» RECORD SET:
____________________
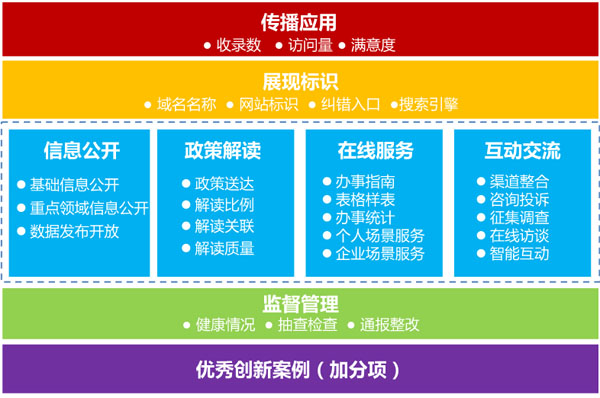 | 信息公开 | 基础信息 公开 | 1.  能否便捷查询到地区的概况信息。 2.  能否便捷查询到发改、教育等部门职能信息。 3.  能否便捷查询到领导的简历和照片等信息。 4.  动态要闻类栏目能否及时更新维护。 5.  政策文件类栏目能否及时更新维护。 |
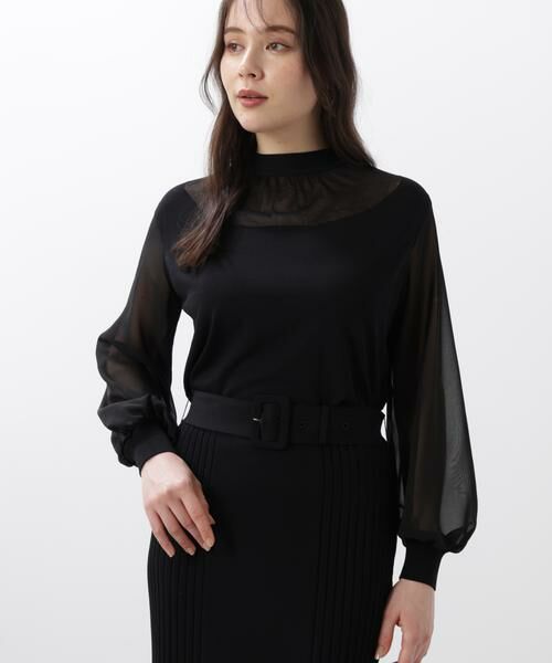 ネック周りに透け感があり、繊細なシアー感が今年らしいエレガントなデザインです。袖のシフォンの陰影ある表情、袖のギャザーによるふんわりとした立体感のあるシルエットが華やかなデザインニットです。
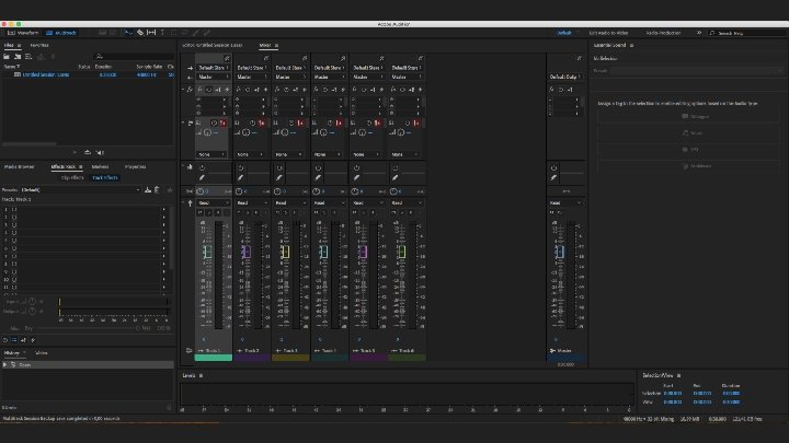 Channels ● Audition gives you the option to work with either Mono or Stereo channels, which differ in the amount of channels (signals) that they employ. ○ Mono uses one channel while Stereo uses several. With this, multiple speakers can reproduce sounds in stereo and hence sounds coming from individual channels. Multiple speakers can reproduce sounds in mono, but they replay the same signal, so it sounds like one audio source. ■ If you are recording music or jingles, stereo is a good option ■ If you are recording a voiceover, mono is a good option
____________________
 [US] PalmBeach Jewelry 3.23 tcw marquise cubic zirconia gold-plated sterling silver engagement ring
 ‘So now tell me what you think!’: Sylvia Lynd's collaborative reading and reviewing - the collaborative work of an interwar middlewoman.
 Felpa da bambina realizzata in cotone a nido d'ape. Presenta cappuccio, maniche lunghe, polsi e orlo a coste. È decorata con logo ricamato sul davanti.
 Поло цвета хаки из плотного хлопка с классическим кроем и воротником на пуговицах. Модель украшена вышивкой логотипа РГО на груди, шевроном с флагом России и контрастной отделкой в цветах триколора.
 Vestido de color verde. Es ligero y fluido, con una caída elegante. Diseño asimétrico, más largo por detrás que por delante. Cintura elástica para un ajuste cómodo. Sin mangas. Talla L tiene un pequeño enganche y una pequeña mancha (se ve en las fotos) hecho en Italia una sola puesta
____________________
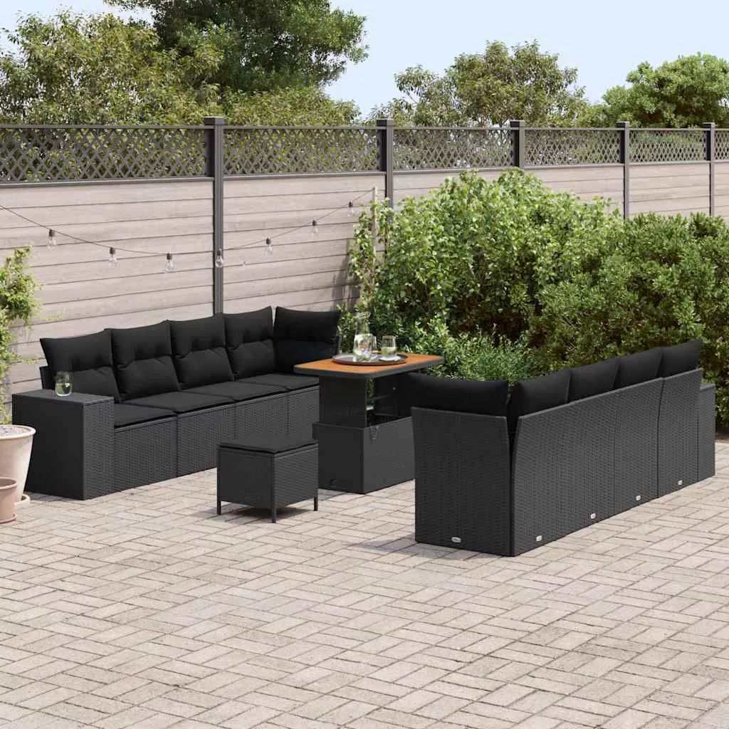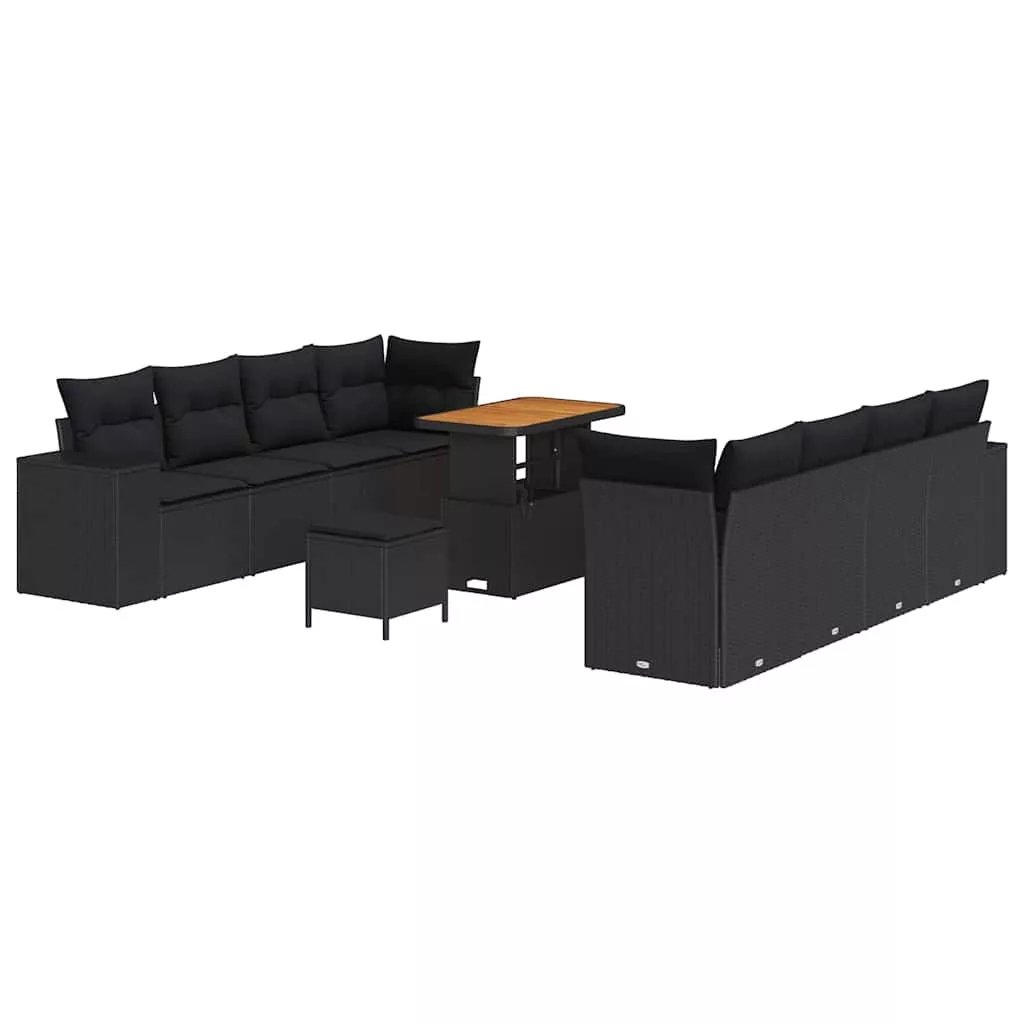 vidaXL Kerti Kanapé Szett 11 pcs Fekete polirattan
____________________
» TASK DESCRIPTION: Exact copy, no pictures. Write out the lines in the entries above, starting with the line with "5.  政策文件类栏目能否及时更新维护。 |" and going on through the line with "Channels ● Audition", keeping both.

» EXERCISE RESULT:
 | 信息公开 | 基础信息 公开 | 1.  能否便捷查询到地区的概况信息。 2.  能否便捷查询到发改、教育等部门职能信息。 3.  能否便捷查询到领导的简历和照片等信息。 4.  动态要闻类栏目能否及时更新维护。 5.  政策文件类栏目能否及时更新维护。 |
 ネック周りに透け感があり、繊細なシアー感が今年らしいエレガントなデザインです。袖のシフォンの陰影ある表情、袖のギャザーによるふんわりとした立体感のあるシルエットが華やかなデザインニットです。
 Channels ● Audition gives you the option to work with either Mono or Stereo channels, which differ in the amount of channels (signals) that they employ. ○ Mono uses one channel while Stereo uses several. With this, multiple speakers can reproduce sounds in stereo and hence sounds coming from individual channels. Multiple speakers can reproduce sounds in mono, but they replay the same signal, so it sounds like one audio source. ■ If you are recording music or jingles, stereo is a good option ■ If you are recording a voiceover, mono is a good option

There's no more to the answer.